Popüler kültürün hayatımızı bir ahtapot gibi kuşattığı, medeniyetimize ait değerlerin birer birer örselendiği bir süreçten geçiyoruz. Bu sürecin hayatımıza daha fazla etki etmesini sağlayan en önemli unsur kuşkusuz medya ve kitle iletişim araçları. Özel televizyonları n hayatımıza girdiği günden bu yana, toplumumuzun kimliksizleştirme operasyonu çok daha vahim bir boyuta ulaştı.
Artık kimliğimizi televizyonlardan, kültümüzü ise sosyal medyadan ediniyoruz. Toplumun kültürel yapısındaki deformasyon öylesine bir boyuta ulaştı ki, insanlarımız artık düşünmeyen, konuşmayan, analiz etmeyen, kitle iletişim araçlarıyla verilen ve kendilerine sunulan herşeyi eyvallah çekerek bünyelerine enjekte eder hale dönüştü.
Seviyenin bel aşağısına kaydığı, argonun hakim olduğu, küfürbazlığın prim yaptığı filmler, 5 milyon gibi insanı dehşete düşüren bir gişeye ulaşabiliyor. Televizyonlarda yayınlanan dizilerimizin hali daha da berbat.
İffetin değil şehvetin başrole konulduğu, kimin eli kimin cebinde belli olmayan, hayatları mantar tiplerin ekranlarımızdan odalarımıza doluşması artık hiç birimizin umrunda değil. Ahlaksızlıkta sınır tanımayan, gayri meşru yaşantıda bir o yana bir bu yana mekik dokuyan tipleri “senaryo kılıfıyla” kültürel dinamiklerimizin ta bağrına bir hançer gibi saplıyorlar. Artık herşeyi sıradan görüyoruz…
Normal hayatta, “Yazıklar olsun… Böyle hayat mı olur? Başkasının iffetine göz dikmiş” diyeceğimiz tipleri, dizi karakteri olarak bağrımıza basıyoruz.
Nereden başlıyor bu medeniyet krizi?
Gözümüzü batının sanayileşme ve refahına diktiğimiz günden bu yana, aslında bir ikilemle yaşamaktayız. Batının “bırakınız yapsınlar, bırakınız geçsinler” liberalist yaşantı tarzını hayatımızın içine soktuğumuz günden bu yana, kültürel deformasyon süreci daha hızlı akıyor.

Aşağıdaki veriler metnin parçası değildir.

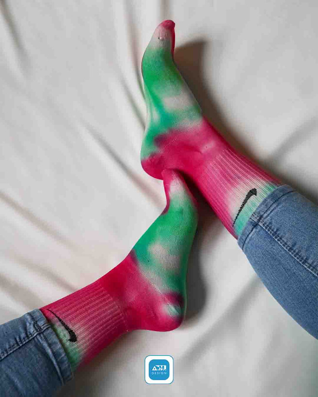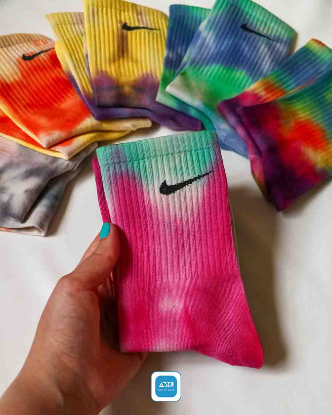 جوراب های تای دای تماما کار دست هستند ، امکان اجرای صد درصد مشابه امکان پذیر نمیباشد و به همین علت منحصربهفرد می باشد.

Hedonist, egoist, bencil bir düşünce yapısında, nerde sabah orda akşam bir felsefeyle hareket eden batı tipolojisinin iffet, haya, ar, namus gibi kavramları kültürlerinden çıkarmak için çabaladığını unutmuş durumdayız.
Bir kültürel işgal dönemindeyiz… Batı, artık tankla, topla, tüfekle gelmiyor memleketimize… Çanakkale’den geçmeye kalkmıyor artık… Ne yapıyor peki? Türlü türlü ulusal televizyonlarımıza bir iki dizilerini, filmlerini üç otuz paraya satarak, kültürünü beynimize boca ediyor. Üçüncü sınıf Hollywood filmleri, pespaye bir hayat tarzını sunuyor bizlere. Renkli yaşamlar, nikahsız hayatlar, su gibi para harcayan tipler, barlar, meyhaneler magazinel kılıflarla sokuluyor evlerimize.

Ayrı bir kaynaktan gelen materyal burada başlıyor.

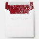 This beautiful envelope features a customisable return address with a silver floral flourish, and a deep red inside flap with a frilly faux foil filigree. Perfect compliment to your wedding invitations.

Ne acı bir durum! Artık insanlarımız, bu pespaye hayatları, bu kof yaşantı tarzlarını ellerinin tersiyle iteceklerine, “Elimize fırsat düşse, biz de böyle yaşamak isteriz” özlemiyle izliyorlar. Sıradanlaştırılan kötülük, artık insanlarımızın ruhunu esir almış durumda. Ve, böyle bir ahlak ikliminde, küçücük kızların ırzına tasallut eden canavarlaşmış tiplerin haberlerini okuyoruz gazetelerin üçüncü sayfalarında. Hükümet artık çığırından çıkan bu haberler karşısında canavarlaşan tipler için cezalar arar hale düşmüş durumda. .
Aynaya bakma vaktimiz gelmiştir… Kendimize dönmemizin vakti gelmiştir… Bizler, tarihe damga vurmuş bir medeniyetin temsilcileriyiz. Bizler, yüzyıllarca adaletimizle, ahlakımızla, kültürel nosyonumuzla, güzelliklerimizle varolmuşuz.
Biz, her akşam ekranlardan ahlaksızlığın özendirildiği, kimliksiz tiplerin dünyasına ait olmamalıyız. Biz, medeniyet üretmeliyiz… Arızalı tiplerin seviyesiz esprileri bizleri güldürüyorsa, etrafımızda değil, kendimizde arıza aramalıyız.